Dialogue Journal by Jana Staton
According to Griffin (2012) these are written messages from student to teacher and back for an extended period of time.  There is one book used and it is passed back and forth to two writers who each contribute ideas.  Griffin (2012) stated that the topic can vary and is usally centered on what is happening today.  The rules of writing include picking up your book and returning it before the end of the day, writing at least three lines each school day, be genuine and write what you feel, understand, and think, and there shuld be an older partner to help the child elaborate and model (which is oftentimes the teacher).  By creating a dialogue back and forth the teacher supports the student's emerging reading and writing abilities.  This creates an a place where socio-emotional development occurs as well as class management and writing progress according to Griffin (2012). 

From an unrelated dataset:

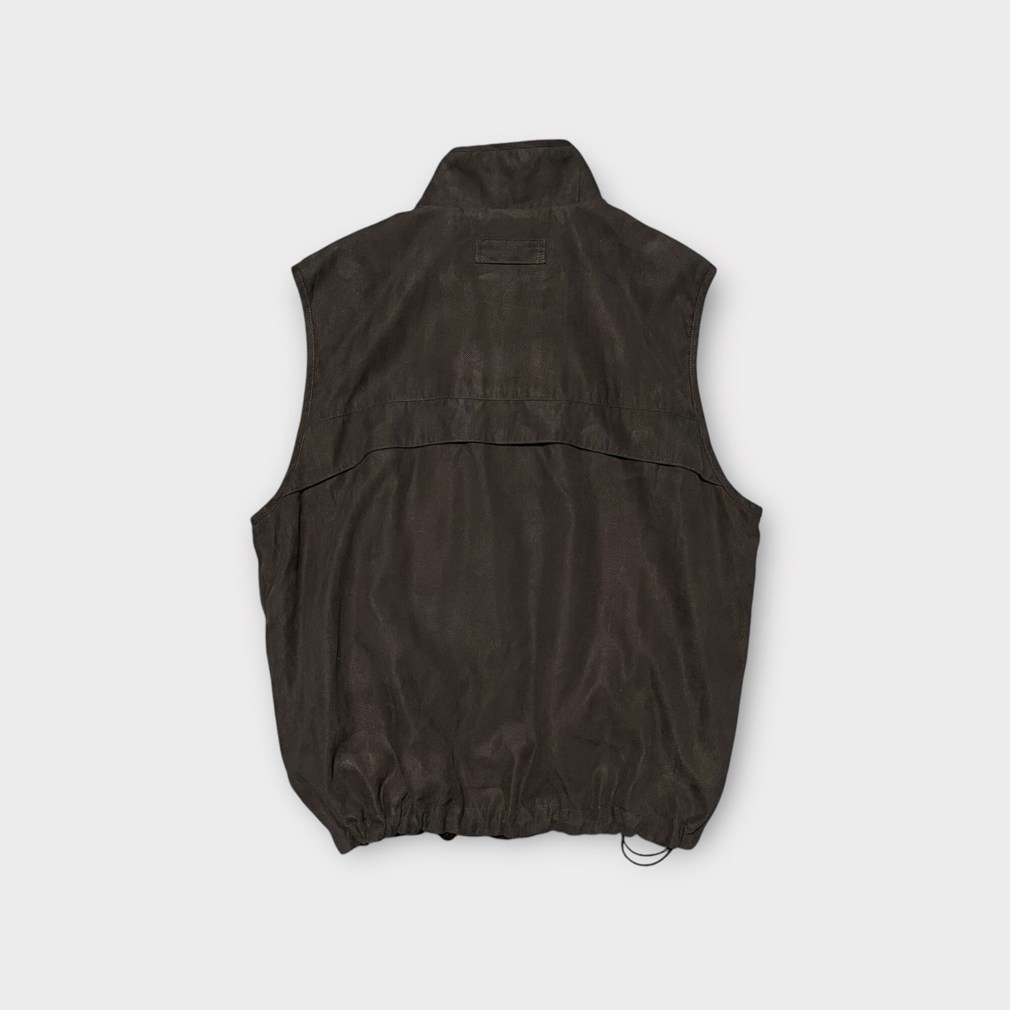 表はブラウンのヘリンボーン裏はブラックのフリースを使用したベスト
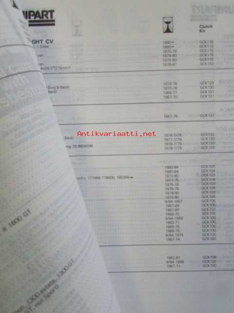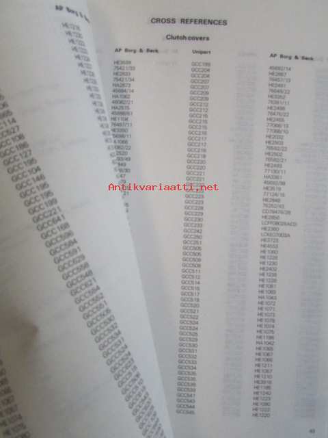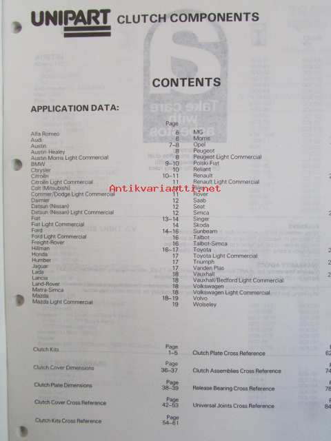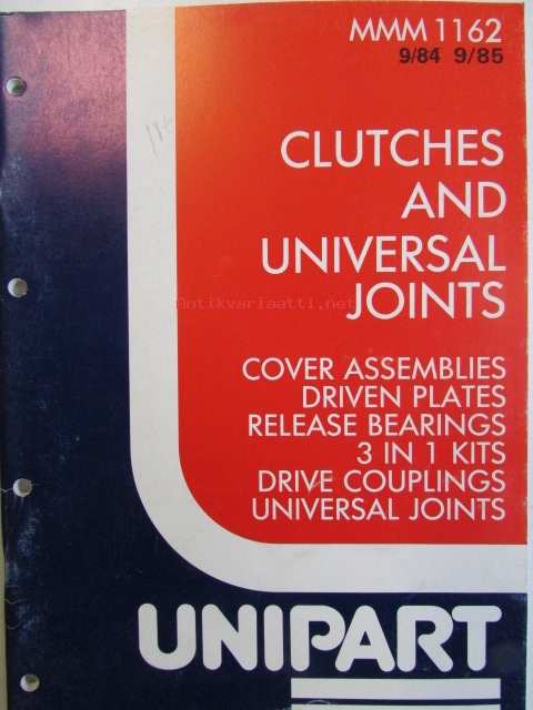Uniparts, 1985Unipart MMM 1162 - Clutches and Universal Joints (Cover Asemmblies, Driven Plates, Release Bearings, 3 in 1 Kits, Drive Couplings, Universal joints - Tarvikkeiden Varaosaluettelo, katso kuvista sisällys tarkemmin.

Scaffolding Writing by Bodrova and Leong
In this method a child creates a message, draws it and tries to write it.  According to Bodrova and Leong at first this may just be making lines to represent words in the message of even asking the teacher to make the lines.  Later the child will write some letters or symbols on the lines and move to conventional writing.  Accorind to Bodrova and Leong the message is repeated while the child works and the message is read back at the end of the day.  According to Griffin (2012) this can be done in a whole class setting with daily messages, small groups through narratives and expositions, and small groups through artifas within play like menus, recipes, and labels.

Writer's Workshop by Lucy Calkins
According to Griffin (2012):
1. Mini Lesson-on some skill/concept/genre
2. Status of the class-each child tells the group if they are drafting, illustrating, work in progress, editting, revising, or publishing
3. Writing and Conference-teacher and sometimes a peer meets with child to review writing and plan revisions
4. Author's chair-TAG (tell one thing you liked, ask one question, and give one suggestion)

Resources:
Bodrova E. & Leong, D. J. (1998). Scaffolding emergent writing in the zone of proximal development. Language, Literacy and Learning, 3 (2), 1-18.
Griffin, P. (2012). Class 12 Writing: for memory, planning, communication, creative expression. [PowerPoint]. Retreived online.